Bir adama bu kadar yetki verilmesi, kandırılması veya aldatılması durumunda 24 saat içinde Türkiye Cumhuriyeti Devleti'nin birilerine teslim edilebileceğini savunan Kılıçdaroğlu, şu görüşlerini aktardı:
"Diyeceksiniz ki nasıl? Öyle yetkiler veriyoruz ki bir kararnameyle devletin bütün valilerini, kaymakamlarını, müftülerini, komutanlarını, müsteşarlarını, büyükelçilerini, rektörleri bir kararnameyle değiştirebilir. 'Öyle 30-35 yıl bekleyelim paralel devlet kuralım', buna hiç gerek yok. İktidarı kandıracaksın kararnameleri koyacaksın, imzalayacak ve hep beraber Resmi Gazete'de göreceğiz. Bu yetkiyi vermek doğru mudur? Şunu söylüyorlar 'Hayır çıkarsa, kaos olacak.' Niye kaos olsun?
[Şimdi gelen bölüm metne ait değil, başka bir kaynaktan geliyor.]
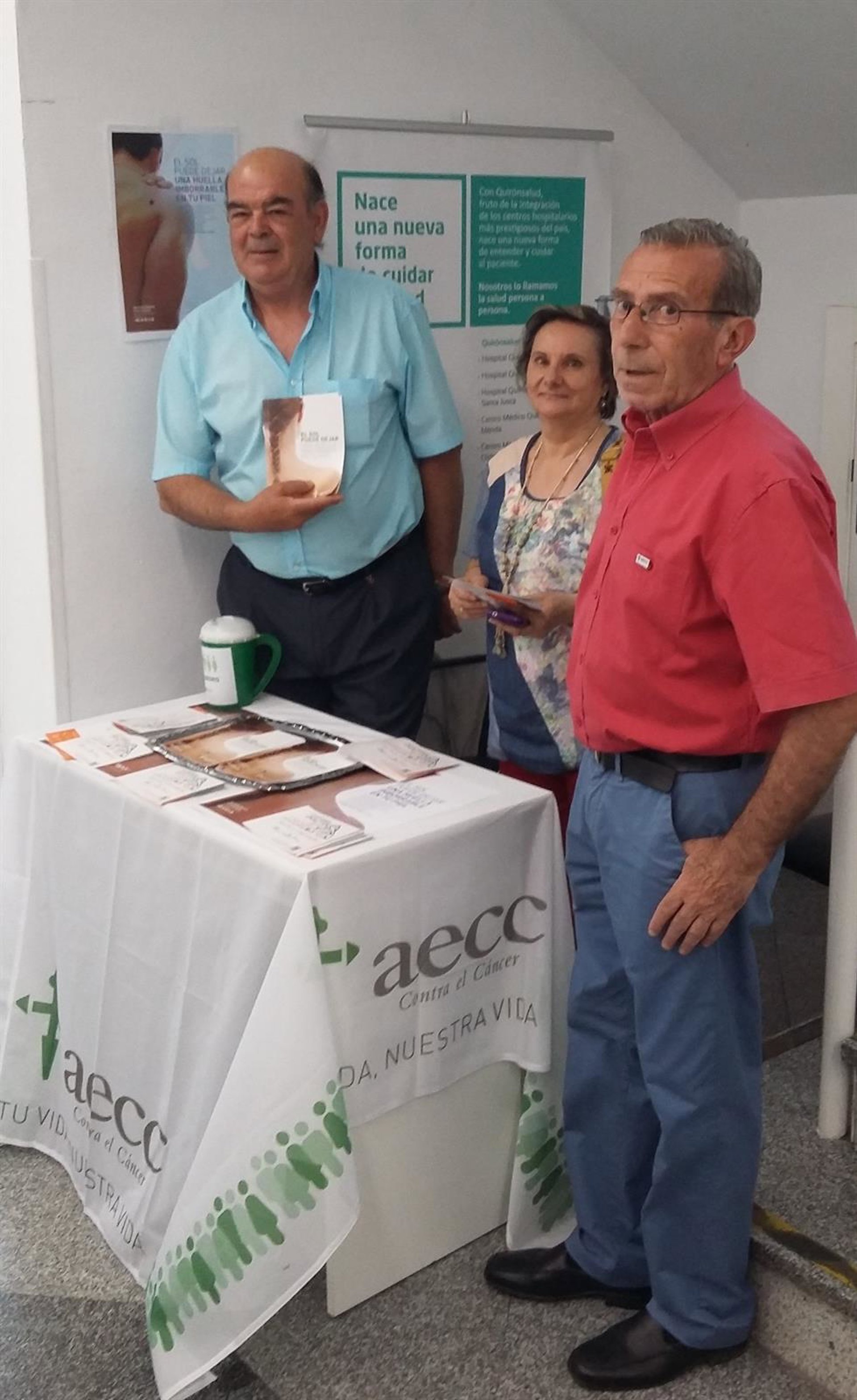 Un grupo de voluntarios de la Asociación Española Contra el Cáncer (AECC) han acudido al Hospital Quirónsalud Clideba (Badajoz) para celebrar la campaña 'El sol puede dejar una huella imborrable en tu piel', con el objetivo de trasladar a la sociedad recomendaciones para reducir el daño del sol y detectar precozmente un cáncer de piel.

Sayın Cumhurbaşkanı görevinin başında zaten 2019'a kadar. Ben seçmedim ki halk seçti. Halk seçtiğine göre meşruiyeti tartışılmaz. Niye tartışalım vatandaş seçmiş. Görevinin başında. Başbakan, o da görevinin başında. Eğer bir saray darbesiyle gitmezse. O da görevinin başında zaten. TBMM, o da görevinin başında. O zaman niye kaos çıksın."